Why is Deep Learning Important?
Deep learning is a powerful tool to make prediction an actionable result. Deep learning excels in pattern discovery (unsupervised learning) and knowledge-based prediction. Big data is the fuel for deep learning. When both are combined, an organization can reap unprecedented results in term of productivity, sales, management, and innovation. Deep learning can outperform traditional method. For instance, deep learning algorithms are 41% more accurate than machine learning algorithm in image classification, 27 % more accurate in facial recognition and 25% in voice recognition.
Limitations of deep learning
Now in this Neural network tutorial, we will learn about limitations of Deep Learning:
Data labeling
Most current AI models are trained through “supervised learning.” It means that humans must label and categorize the underlying data, which can be a sizable and error-prone chore. For example, companies developing self-driving-car technologies are hiring hundreds of people to manually annotate hours of video feeds from prototype vehicles to help train these systems.

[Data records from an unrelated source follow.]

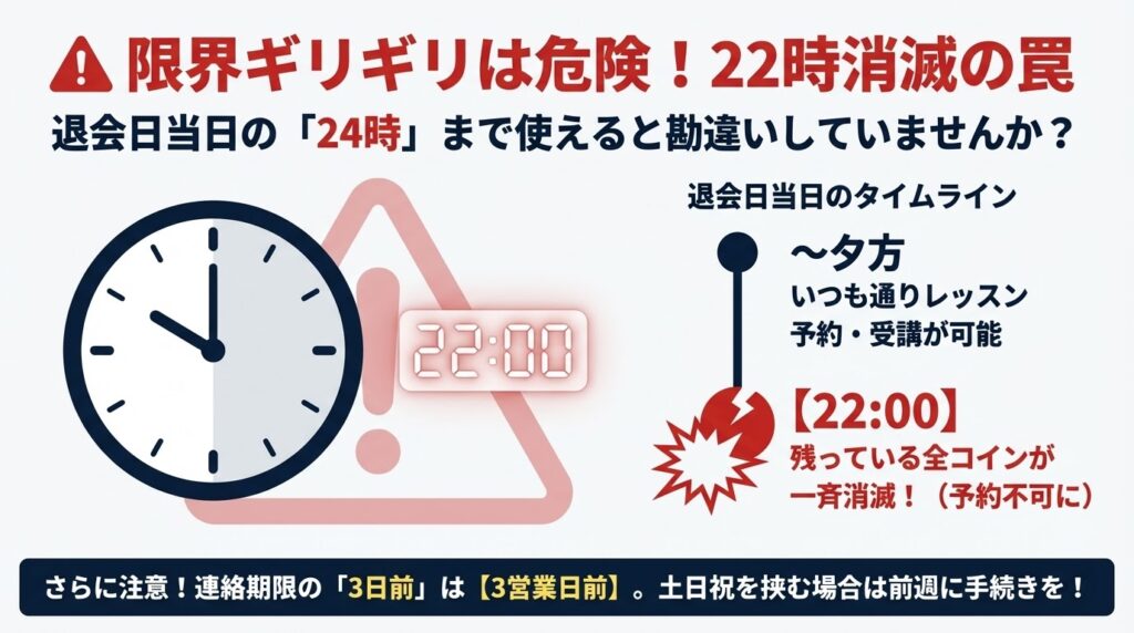 退会日当日の22時コイン全消滅これ以降の受講や予約はできません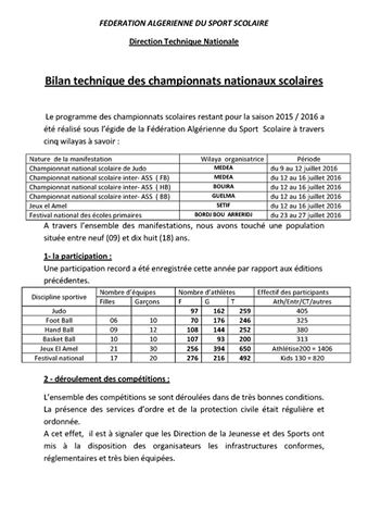 إليكم ما تبقى من المنافسات الوطنية المدرسية للموسم 2016/2015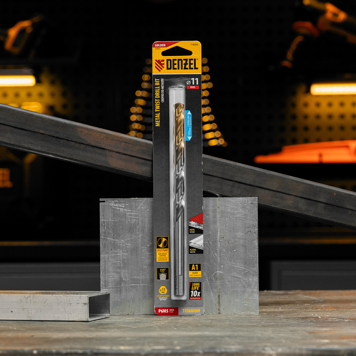 Удлиненное спиральное сверло по металлу Denzel Golden Tip 718264 из стали P6M5, размером 11 х 195 мм, предназначено для получения отверстий в легированных и цветных металлах — меди, алюминии, мягкой бронзе, титане, латуни. Оснастка позволяет эффективно справляться с этими задачами благодаря оптимальному углу заточки 135°. Класс точности A гарантирует высокое качество работ, а удлиненный профиль позволяет сверлить глубокие отверстия. Сверло используется для проведения монтажно-сборочных работ.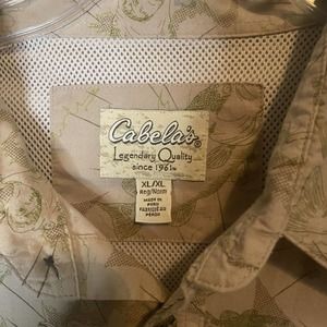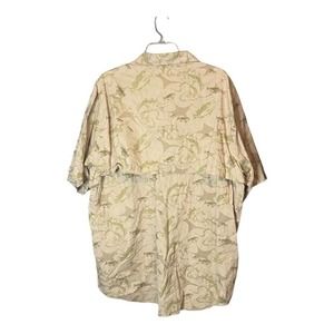 Cabela's Men's Button Up Shirt Size XL Vented Fish Print Tan Green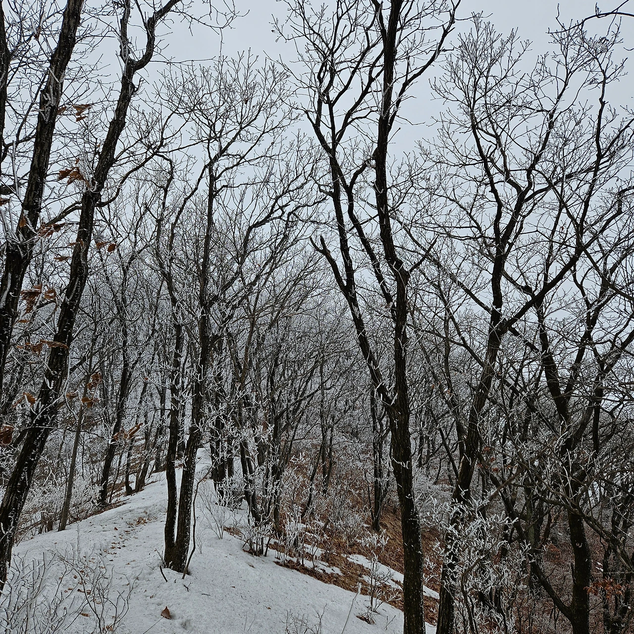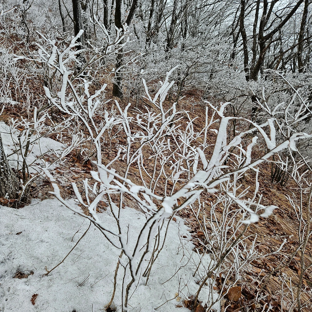 암릉지대가 끝나는 지점에서 2 관문으로 갈 것인지 3 관문으로 갈 것인지 이정표가 나타난다. 그 이정표에 따르면 2 관문은 가깝다. 그리고 내려가는 길이 가파를 것 같다. 3 관문으로 간다. 3 관문으로 가는 길이 이제 암릉이 아니니 이제는 편안한 길의 연속이라고 보아야 할 것이다. 오르고 내리지만 암릉에서 힘들게 지나왔기에 이 길은 그냥 평범한 길로 보인다. 이곳에서 다시 눈꽃이 보이기 시작한다. 그동안 힘들어서 눈꽃도 보이지 않았는데 이제는 편안한 길이 되어서 보이는 것이다. 사람들이 한곳에 집중을 하면 다른 것이 보이지 않았다는 것을 실험을 통해서 확인을 한 것을 본 기억이 있다. 이것이 오늘 우리에게 있었던 것이다. 그동안 눈도 오고 눈꽃도 있었지만 암릉 구간을 통과하는 것이 우선시되어 그것을 보지 못한 것이다.
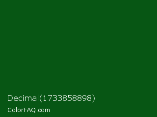 Decimal 1733858898 Color is a very dark green color and the nearest color is Camarone #00581a. Hex code #075614 and RGB value is rgb(7,86,20). In RGB color space, this color is composed of 3% red, 34% green, 8% blue, In CMYK color space, this color is composed of 92% cyan, 0% magenta, 77% yellow , 66% black , In HSL color space, this color has a hue angle of 130° , 85% saturation and 18% lightness.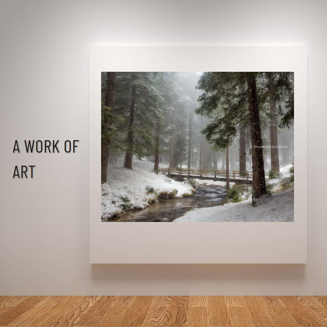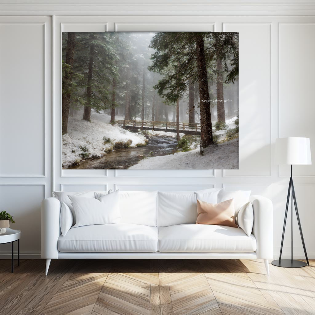 Journey through a mystical winter forest, where snowflakes and pines craft a silent, serene world, brought to life through the digital brushstrokes, bringing a piece of eternal beauty into your home and heart.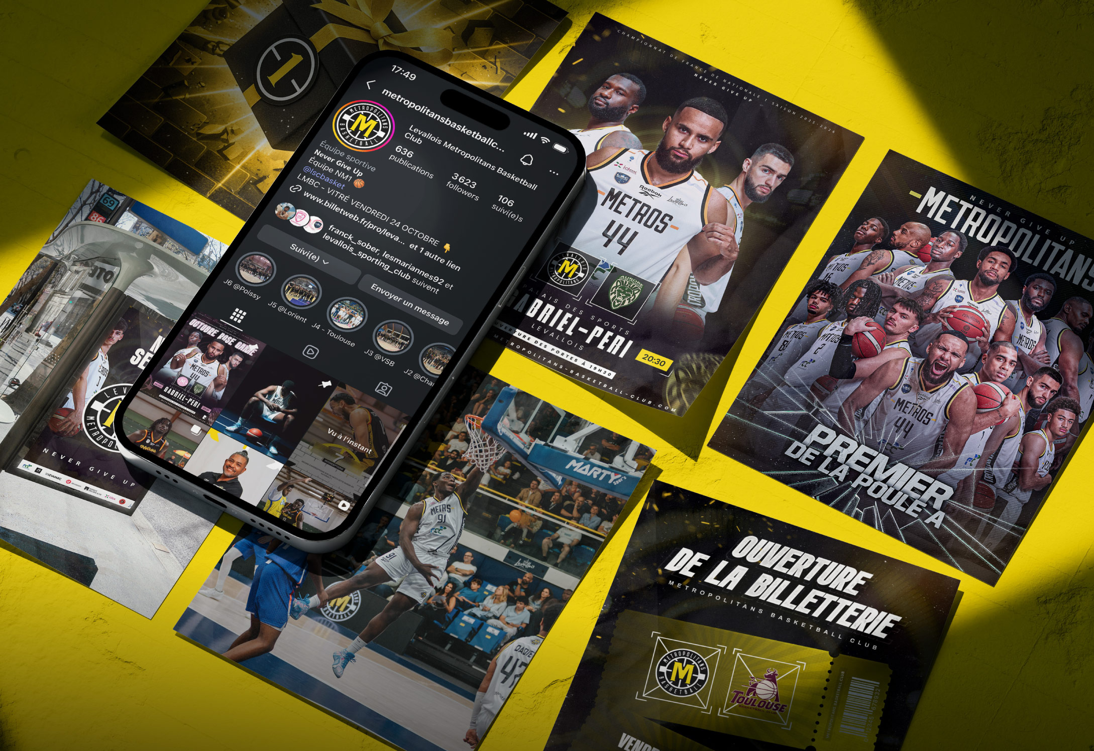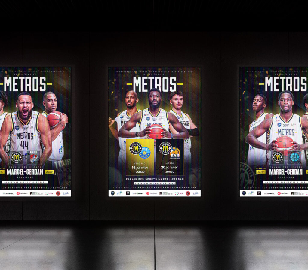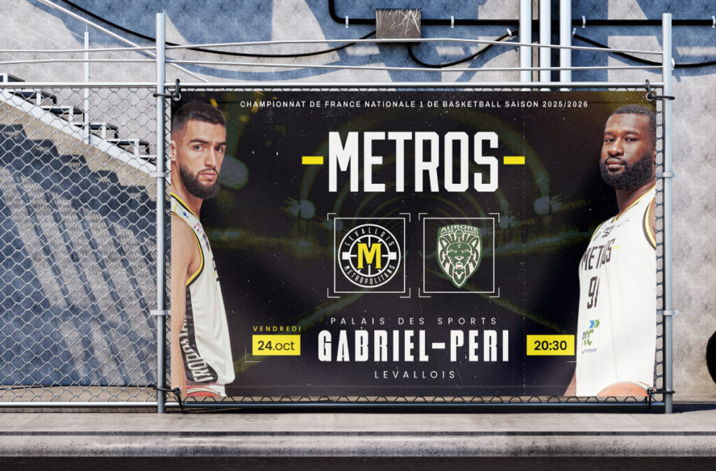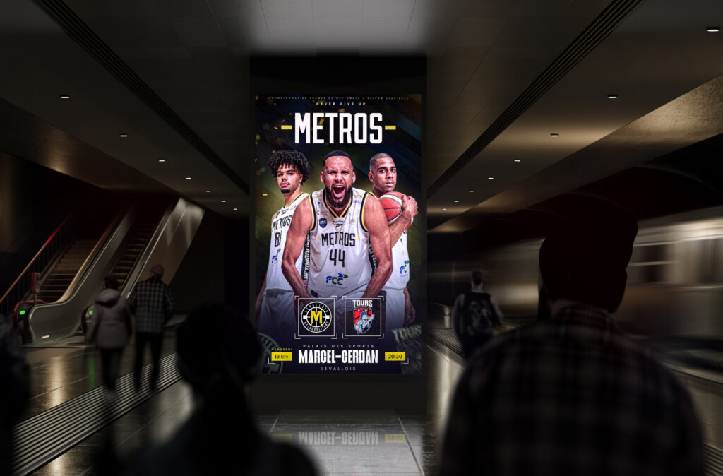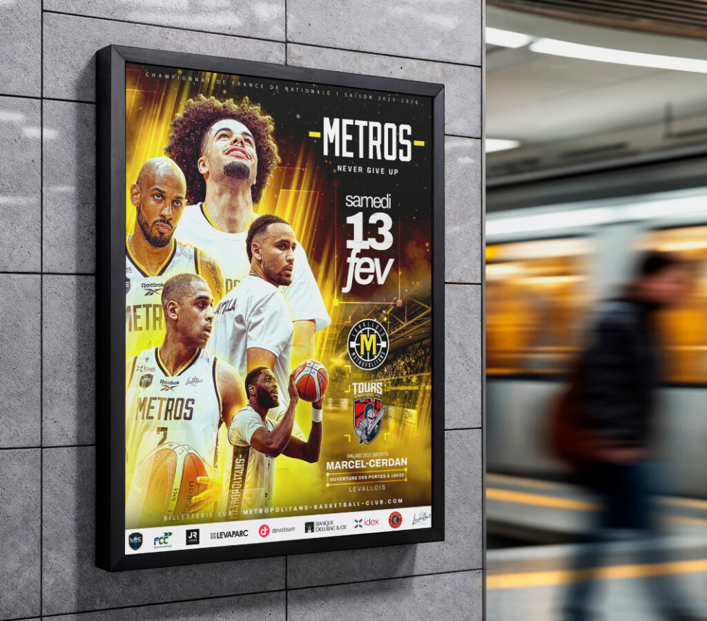 Tcheel a conçu les affiches officielles des matchs des Métropolitans Basketball Club, alliant impact visuel et identité forte du club. Ces créations mettent en avant les rencontres de la saison, renforçant l’engouement des supporters et la visibilité des événements.
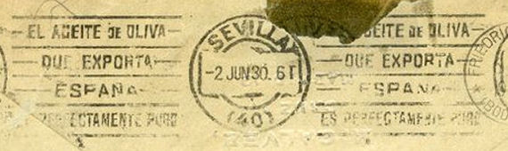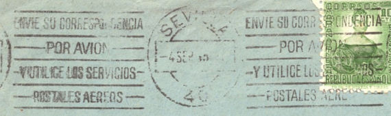 ENVÍE SU CORRESPONDENCIA · POR AVIÓN · Y UTILICE LOS SERVICIOS · POSTALES AÉREOS Solicitante: Líneas Aéreas Postales Españolas Inicialmente, la solicitud se hizo para el lema TRANSPORTADO POR AVIÓN y así se autorizó el 12 de marzo de 1934, con vigencia de un año a partir de su publicación en el Diario Oficial de Comunicaciones del día 27 del mismo mes. Afectaba a Madrid, Sevilla, Las Palmas y, "en su día", Barcelona. Posteriormente, Líneas Aéreas tramita una nueva petición, asumiendo un error en la solicitud inicial, por cuanto el lema deseado es ENVÍE SU CORRESPONDENCIA POR AVIÓN. UTILICE LOS SERVICIOS POSTALES AÉREOS. La Dirección General accede a la modificación, señalando que "esta modificación no implica una autorización nueva a favor del concesionario, a los efectos de plazo concedido para el uso del anuncio". Finalmente se concede una prórroga de un año, ampliando su aplicación a Valencia, Palma de Mallorca y Santa Cruz de Tenerife. La autorización se prorrogó hasta el 20 de febrero de 1936.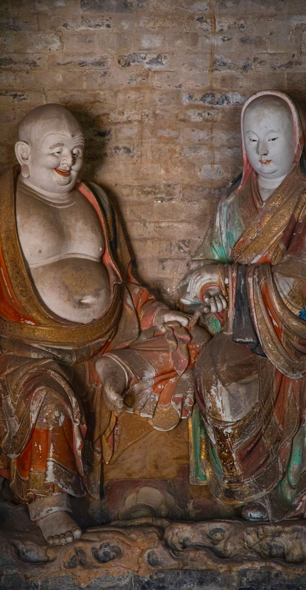 十八罗汉塑于北宋元丰二年(1079年),形态表情各异,或丰满,或清瘦,眉眼表情或夸张或内敛,生动传神,姿态或沉静或奔放,气质或雅或拙,各具品格。罗汉像细腻精致的纹饰里渗透着宋代雕塑艺术的经典装饰风格,为我国佛教文化发展史和雕塑史上难得的珍品。 在佛坛前沿砖雕束腰处,留有两方刻字,铭记着造像年代及布施者姓名,证实了塑像制作的确切年代。

Obtain huge training datasets
It has been shown that simple deep learning techniques like CNN can, in some cases, imitate the knowledge of experts in medicine and other fields. The current wave of machine learning, however, requires training data sets that are not only labeled but also sufficiently broad and universal. Deep-learning methods required thousands of observations for models to become relatively good at classification tasks and, in some cases, millions for them to perform at the level of humans. Without surprise, deep learning is famous in giant tech companies; they are using big data to accumulate petabytes of data. It allows them to create an impressive and highly accurate deep learning model.
Explain a problem
Large and complex models can be hard to explain, in human terms. For instance, why a particular decision was obtained. It is one reason that acceptance of some AI tools are slow in application areas where interpretability is useful or indeed required. Furthermore, as the application of AI expands, regulatory requirements could also drive the need for more explainable AI models.
Summary
Deep Learning Overview: Deep learning is the new state-of-the-art for artificial intelligence. Deep learning architecture is composed of an input layer, hidden layers, and an output layer. The word deep means there are more than two fully connected layers. There is a vast amount of neural networks, where each architecture is designed to perform a given task. For instance, CNN works very well with pictures, RNN provides impressive results with time series and text analysis. Deep learning is now active in different fields, from finance to marketing, supply chain, and marketing. Big firms are the first one to use deep learning because they have already a large pool of data. Deep learning requires to have an extensive training dataset.